The All Core Devs Consensus (ACDC) call #205, held on February 20, 2025, provided crucial updates on Devnet stability, testnet readiness, attestation handling, and upcoming network upgrades. The discussions also covered key technical challenges, including PeerDAS Devnet testing, blob transaction scalability, mempool efficiency and validator requirements.

Pectra Updates

Devnet 6 was reported as stable, with 97% participation from clients. All clients are now updated to their latest versions, and no significant new changes were reported. The network appeared to be in good health, with most processes running smoothly. However, there were concerns about the Flashbots system and a builder-related issue, which required further debugging.

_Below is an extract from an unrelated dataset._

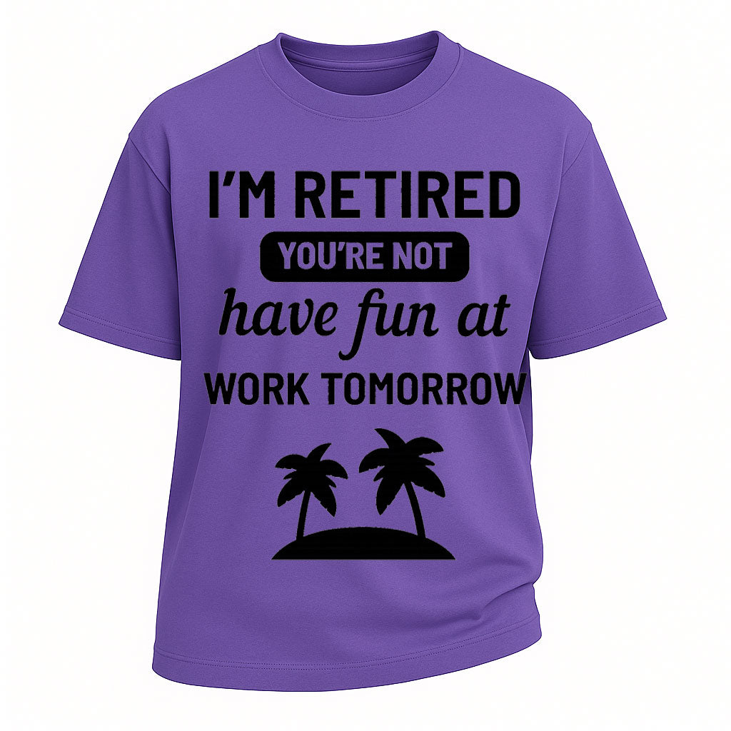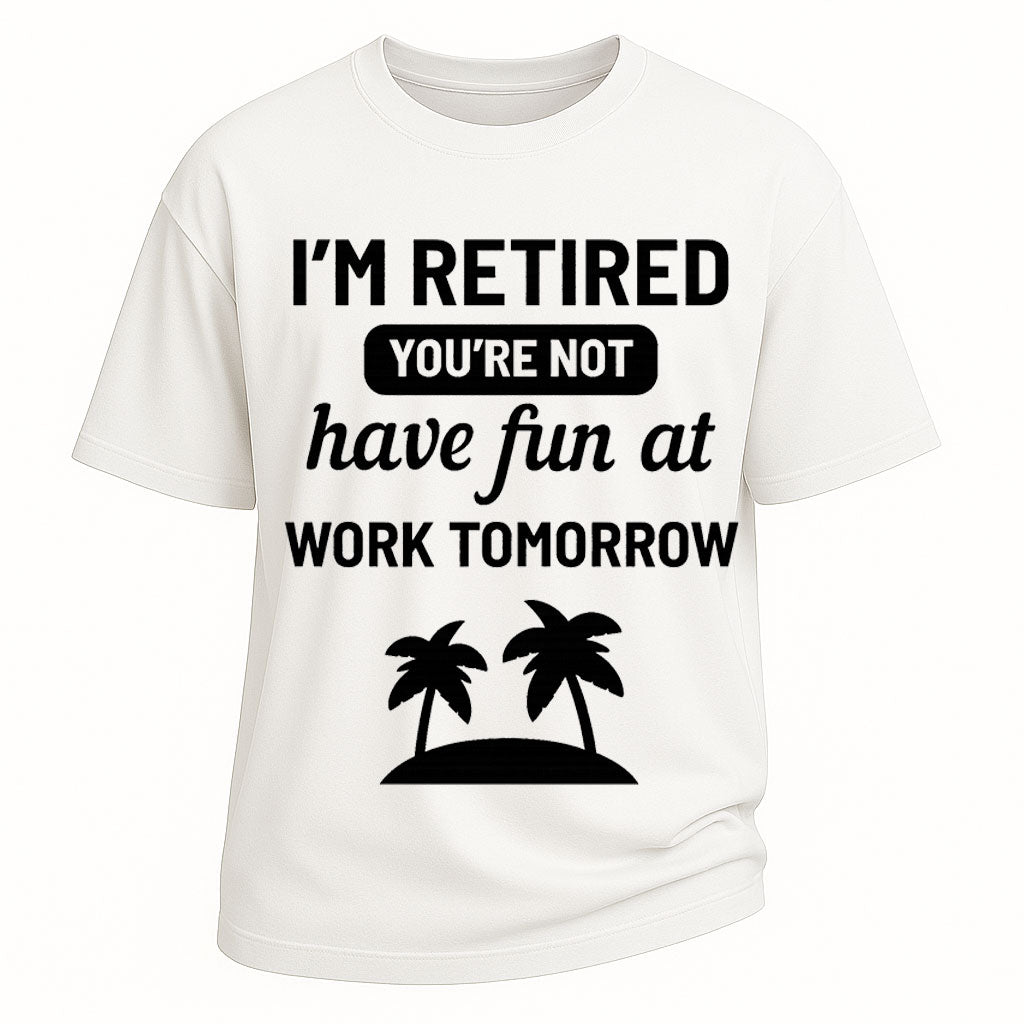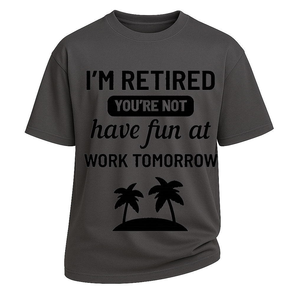 Prix régulier $ 476.00 MXNDeclare your freedom with LouMark's ultimate retirement flex. This graphic tee reads: "I’m retired. You’re not. Have fun at work tomorrow." Perfect for those who've earned their rest—and love to rub it in. Made from thick 260g cotton with a laid-back fit, it pairs humor and comfort for every off-duty legend who’s earned the right to laugh loud.

Another major point of discussion revolved around test aggregation, particularly in how different clients handle attestations. Client diversity was considered a significant advantage, ensuring that if one client failed to include an attestation, another might be able to do so. There was ongoing debate on the best way to manage these attestations across different slots while maintaining efficiency.

PeerDAS Updates

This particularly involved in execution-layer (EL) changes and EOF (Ethereum Object Format) testing. One of the primary issues discussed was that almost all participants in Devnet 4 were running Geth as their execution client. This raised concerns about lack of client diversity, as having a single EL client across the network could introduce centralization risks and fail to uncover bugs in other clients.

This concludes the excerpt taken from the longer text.